Parsons Sam, McCormick Ethan M
Cognitive Neuroscience Department, Donders Institute for Brain, Cognition and Behavior, Radboud University Medical Center, Nijmegen, The Netherlands.
Cognitive Neuroscience Department, Donders Institute for Brain, Cognition and Behavior, Radboud University Medical Center, Nijmegen, The Netherlands; Methodology & Statistics Department, Institute of Psychology, Leiden University, Leiden, The Netherlands.
Dev Cogn Neurosci. 2024 Apr;66:101353. doi: 10.1016/j.dcn.2024.101353. Epub 2024 Feb 5.
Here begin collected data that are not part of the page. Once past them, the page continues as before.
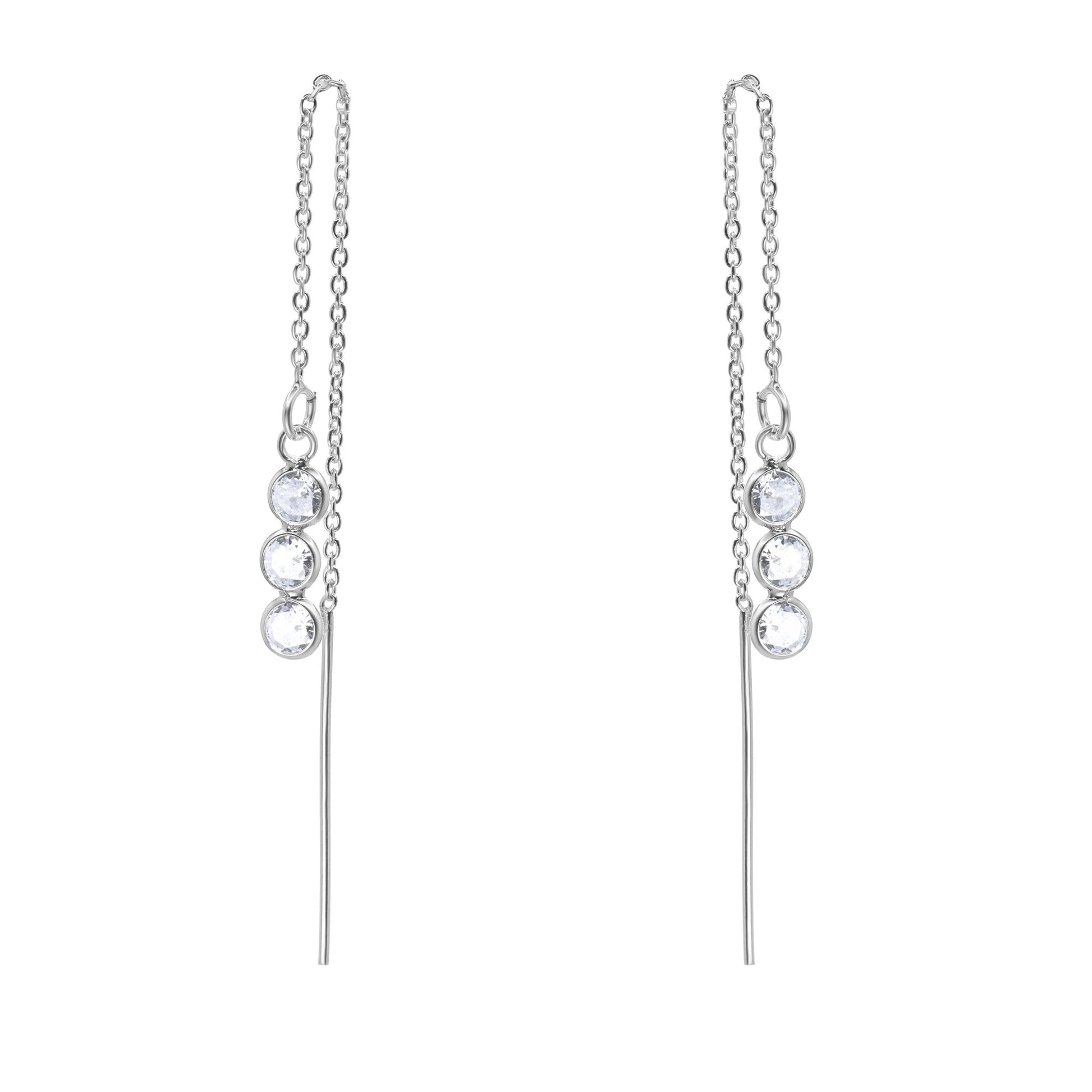 Aros de Plata 925 Modelo Cadena con Triple Circón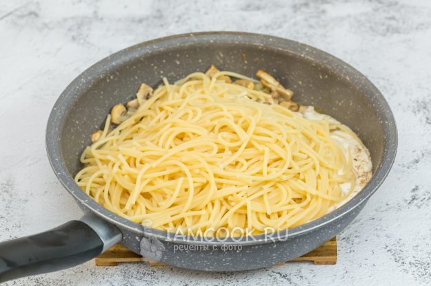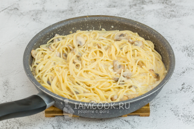 Блюдо получается вкусным! Но если будете готовить спагетти лишь с шампиньонами, не ждите фееричного вкуса, потому как шампиньоны - грибы нейтральные по вкусу. А вот если у вас есть сушеные белые, будет отлично, если добавите немного и этих грибов - хватит буквально 10-15 граммов. Их необходимо залить кипятком, а спустя 10-15 минут воду слить (можно добавить ее в воду, в которой будете варить спагетти), а грибы нарезать и обжарить их вместе с шампиньонами.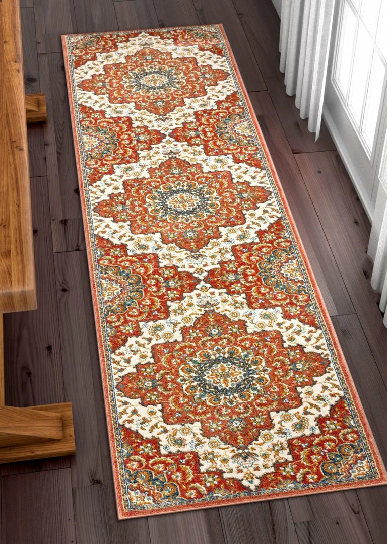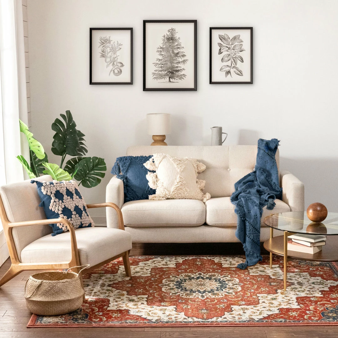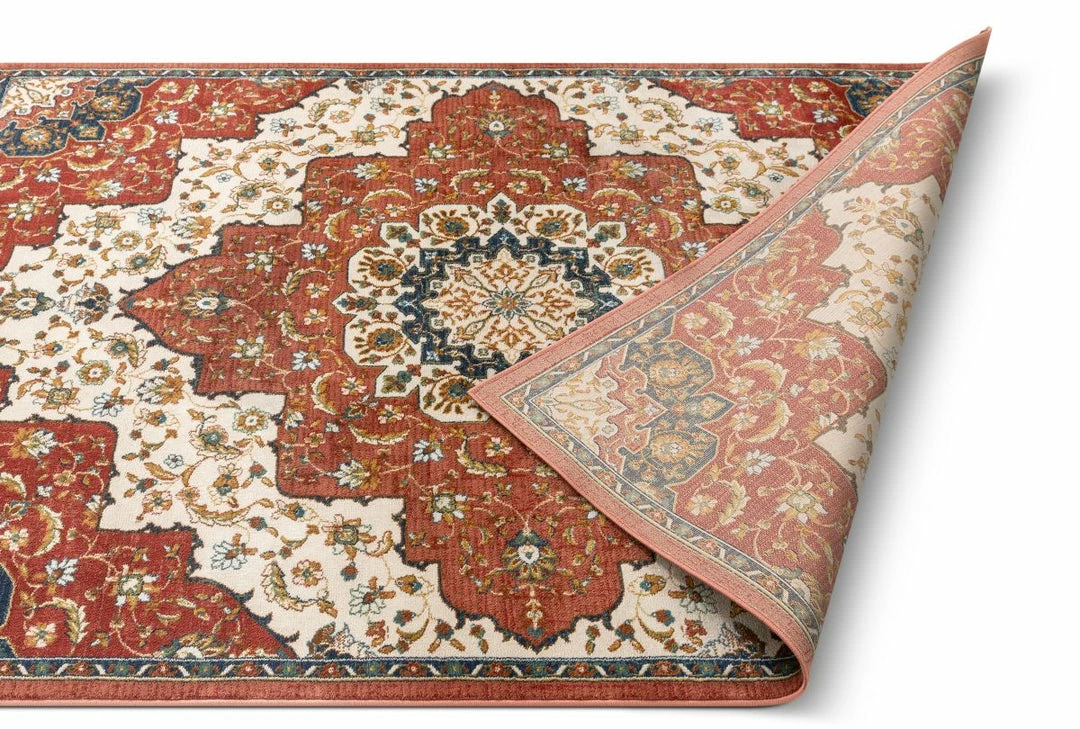 The Tulsa collection draws upon a curated array of traditional Persian, Southwestern, and Moroccan designs. A warm palette of red, blue, and green jewel tones is accented by neutral colors of ivory and beige for a rug that’s easy to match with any decor.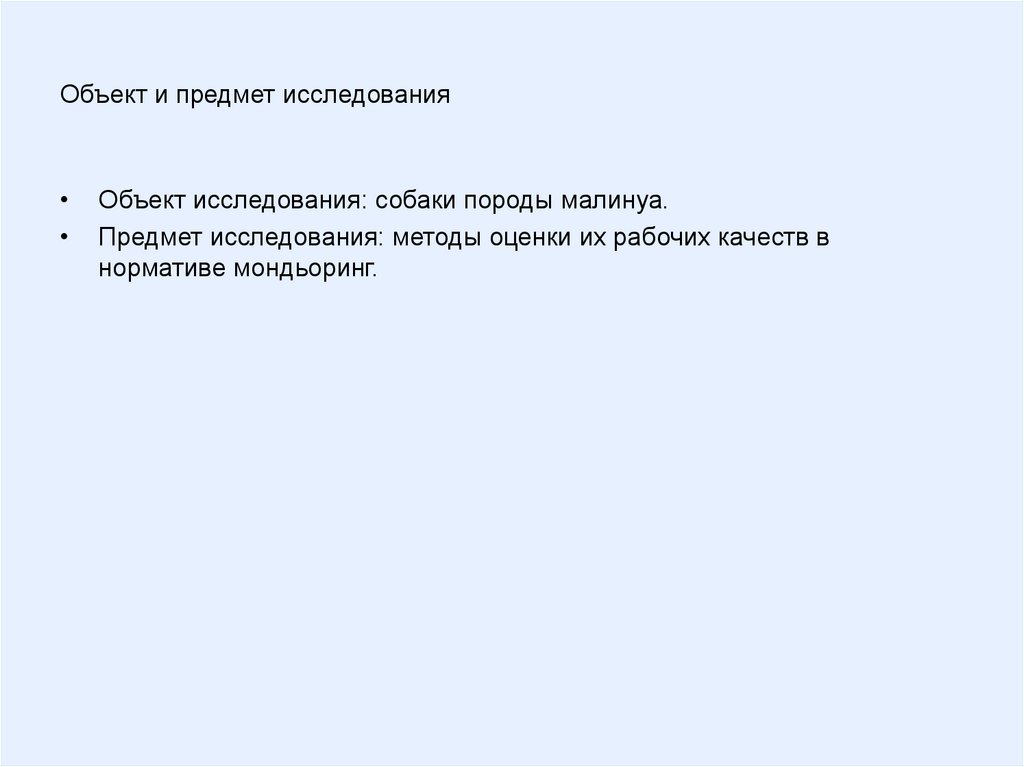 Объект и предмет исследованияОбъект исследования: собаки породы малинуа.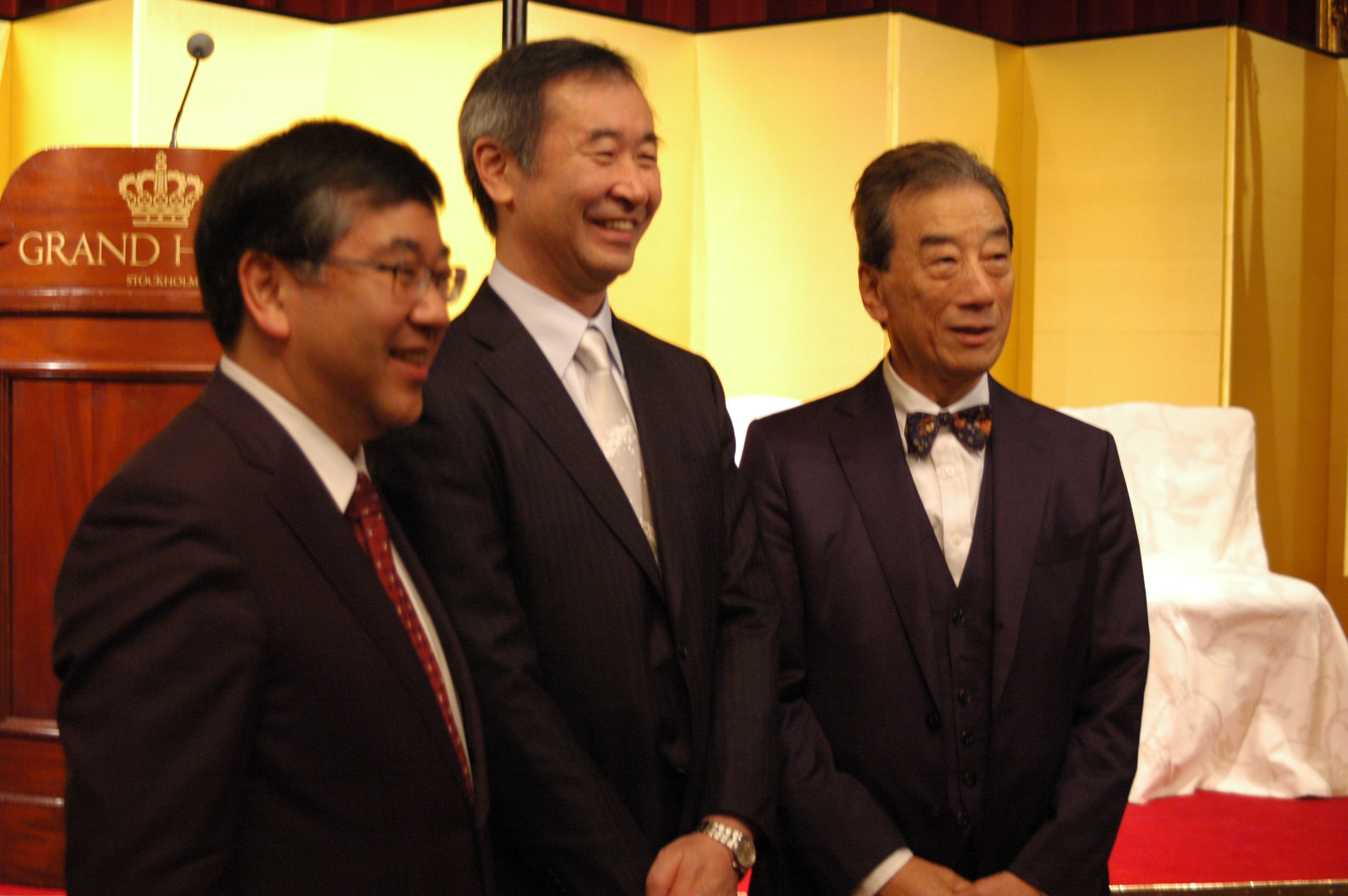 3人の受賞者の皆さんが30分ずつ、それぞれが晴れがましく、でも印象的な講演をされました。大村先生1)のスピーチは素晴らしいものでした。キャンベルさん1)の講演もいい話でした。トウさん1)は、ご体調のせいでしょう、座ったまま中国語で話され、そのパワポでは、図と英語の説明が並べられる配慮がされていました。

Emerging neuroimaging studies investigating changes in the brain aim to collect sufficient data points to examine trajectories of change across key developmental periods. Yet, current studies are often constrained by the number of time points available now. We demonstrate that these constraints should be taken seriously and that studies with two time points should focus on particular questions (e.g., group-level or intervention effects), while complex questions of individual differences and investigations into causes and consequences of those differences should be deferred until additional time points can be incorporated into models of change. We generated underlying longitudinal data and fit models with 2, 3, 4, and 5 time points across 1000 samples. While fixed effects could be recovered on average even with few time points, recovery of individual differences was particularly poor for the two time point model, correlating at r = 0.41 with the true individual parameters - meaning these scores share only 16.8% of variance As expected, models with more time points recovered the growth parameter more accurately; yet parameter recovery for the three time point model was still low, correlating around r = 0.57. We argue that preliminary analyses on early subsets of time points in longitudinal analyses should focus on these average or group-level effects and that individual difference questions should be addressed in samples that maximize the number of time points available. We conclude with recommendations for researchers using early time point models, including ideas for preregistration, careful interpretation of 2 time point results, and treating longitudinal analyses as dynamic, where early findings are updated as additional information becomes available.
新兴的神经影像学研究旨在通过收集足够的数据点来研究大脑在关键发育阶段的变化轨迹。然而,目前的研究常常受到现有时间点数量的限制。我们证明,这些限制应得到重视,双时间点研究应聚焦于特定问题(如组间水平或干预效果),而关于个体差异的复杂问题以及对这些差异的因果关系的研究应推迟到更多时间点纳入变化模型之后。我们生成了基础纵向数据,并在1000个样本中拟合了包含2、3、4和5个时间点的模型。虽然即使时间点较少,固定效应平均仍可恢复,但双时间点模型对个体差异的恢复尤其差,与真实个体参数的相关性为r = 0.41——这意味着这些分数仅共享16.8%的方差。正如预期的那样,时间点更多的模型能更准确地恢复生长参数;然而,三时间点模型的参数恢复仍然较低,相关性约为r = 0.57。我们认为,纵向分析中对早期时间点子集的初步分析应聚焦于这些平均或组间水平的效应,个体差异问题应在能最大化可用时间点数量的样本中进行研究。我们最后为使用早期时间点模型的研究人员提供了建议,包括预注册的思路、对双时间点结果的谨慎解读,以及将纵向分析视为动态过程,随着更多信息的获取不断更新早期发现。